Following a prologue that establishes the legend of La Llorona — in 17th Century Mexico, a wife drowns her two kids to spite her cheating husband, her guilty ghost subsequently preying on children to replace her own — the set-up for the main 1973 story is pedestrian. Anna (Linda Cardellini), the widow of a cop, works too hard for child protection services and plonks her two kids in front of the TV watching Scooby Doo (a nice throwback to Cardellini’s role as Velma in the live-action version). She is pulled into a case where mother Patricia Alvarez (Patricia Velasquez) has boarded her two children in a cupboard. Anna frees them and puts them in care, where they mysteriously wind up dead by dawn. Holding Anna responsible, Alvarez rants about a supernatural force and passes the La Llorona curse on to Anna’s kids, believing their death might bring back her own children (do hexes work on a tit-for-tat basis?)

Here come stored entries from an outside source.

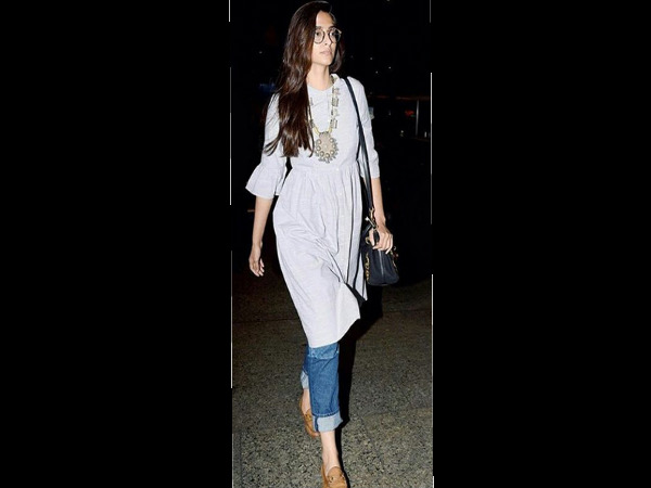She is wearing a Bhane summer dress with high-waisted denims. The dress is matched with a heavy tribal neckpiece and she certainly slays the travel look with a pair of nerd glasses and a black sling bag.
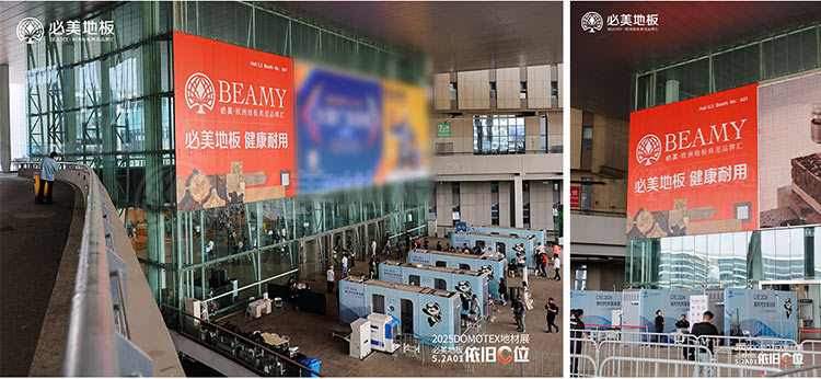 必美地板今年的出場方式格外引人注目,堪稱豪橫!在南大廳的觀眾入口處,必美外場廣告占據了最核心的C位,彰顯著品牌影響力。巨大的廣告牌在眾多品牌中脫穎而出,吸引著每一位過往觀眾的目光。
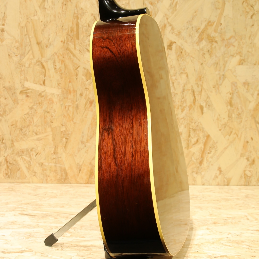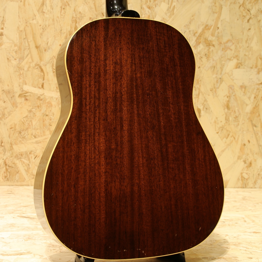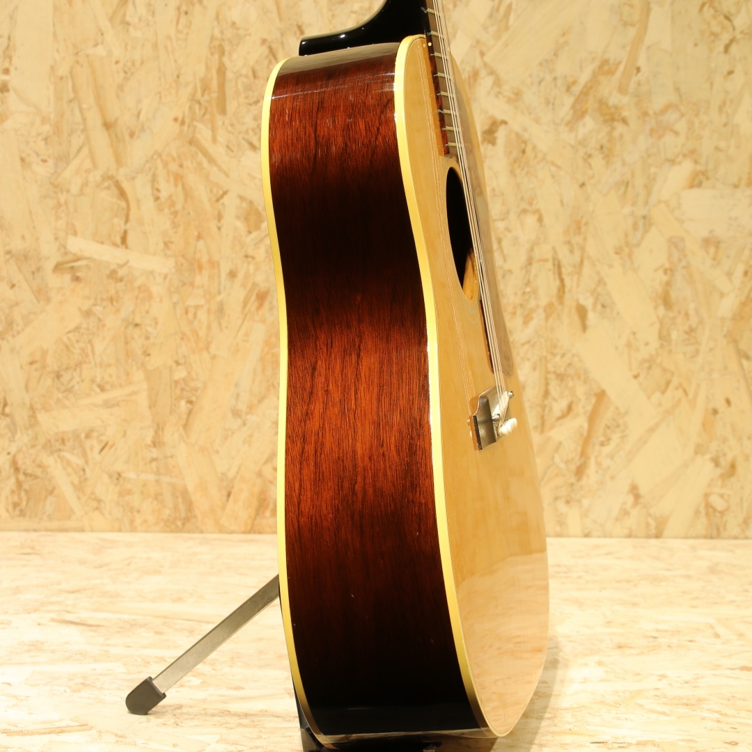 ギブソンを代表するラウンドショルダーボディ・ジャンボモデルのもうひとつの顔"J-50"。"1947年よりJ-45"のナチュラルカラーとしてラインナップされた人気モデル。有名ミュージシャンの使用も多数見られる実力派モデルです。本器は1964年製のVintage品。良い雰囲気の外観&グッドサウンドの1本。スプルーストップ、マホガニーサイド&バック、マホガニーネック、ハカランダ指板&ブリッジ、光沢無しのセラミックアジャスタブルサドル、シングルライン3連クルーソンペグ、オリジナルナット、オリジナルセルロイドラージピックガード、ダブルリングロゼッタ、ノンスキャロップド・Xブレイシング、実測約42.5mmナット幅のレギュラーネック。60年から62年頃にかけてはネックの厚みが薄く、細やかなフレージングの取り回しが良いグリップ。そこから1965年にかけては厚みがじわじわと戻っていき、1965年の途中からはナローネック&14度ヘッドと大きな変化を迎えます。本器はそんなレギュラーグリップ&17度ヘッド仕様を持った64年製の個体。Late60’sと比較すると、よりオープンで明るいトーン、切れ味の鋭くレンジ感の広いサウンドが魅力となる時期です。グリップ感も薄すぎず、厚すぎずで手に馴染む塩梅。手の平でグリップを感じられる安心感があります。やはりパーカッシブとも評される独特のADJサウンド、コンプ感のあるドンシャリとした響き。歌モノに合わせやすく、リズムを刻むにはもってこいのトーン。何よりカッティングでの切れ味、ストローク1発での金属的ともクリスタルとも言えるジャキンという快活なトーンは唯一無二です。抜け感の強くアタック感の強い響きからも細かな手数でのストローク、カッティングで個性を発揮してくれる音色です。全体に薄いオーバーラッカーが施されていますが、大きく風合いを損なうものではありません。ボディトップ面に細やかな当てキズこそ見られますが、板の割れは見られずで非常に良好な状態をキープされた個体。ネック周り、フレットの残り、トラスロッドの残り、サドルの高さも含めた演奏性も良好、60年代前半らしいトーンを非常に良い操作性で体感できる1本です。この時代に求める満足度の高いサウンドをお手元にご用意できます。是非かき鳴らして響かせてください。

What prevails is a deluge of ineffective jump scares (the Weeping Woman is a seen-that-done-that yellow-eyed bride crying jet black tears in a wedding dress), hoary old tropes (spooky kids in corridors with flickering lights) and a convenient use of spectral laws of physics (this ghost can wind down car windows). There is the odd effective moment — a creepy poltergeist hair-wash — and Better Call Saul’s Raymond Cruz turns up as a Latino exorcist, lending the picture a dry sense of deadpan humour. But, despite Cardellini’s best efforts, this is tired, hackneyed stuff, winding up in a final ghost vs. family showdown that fizzles rather than frightens.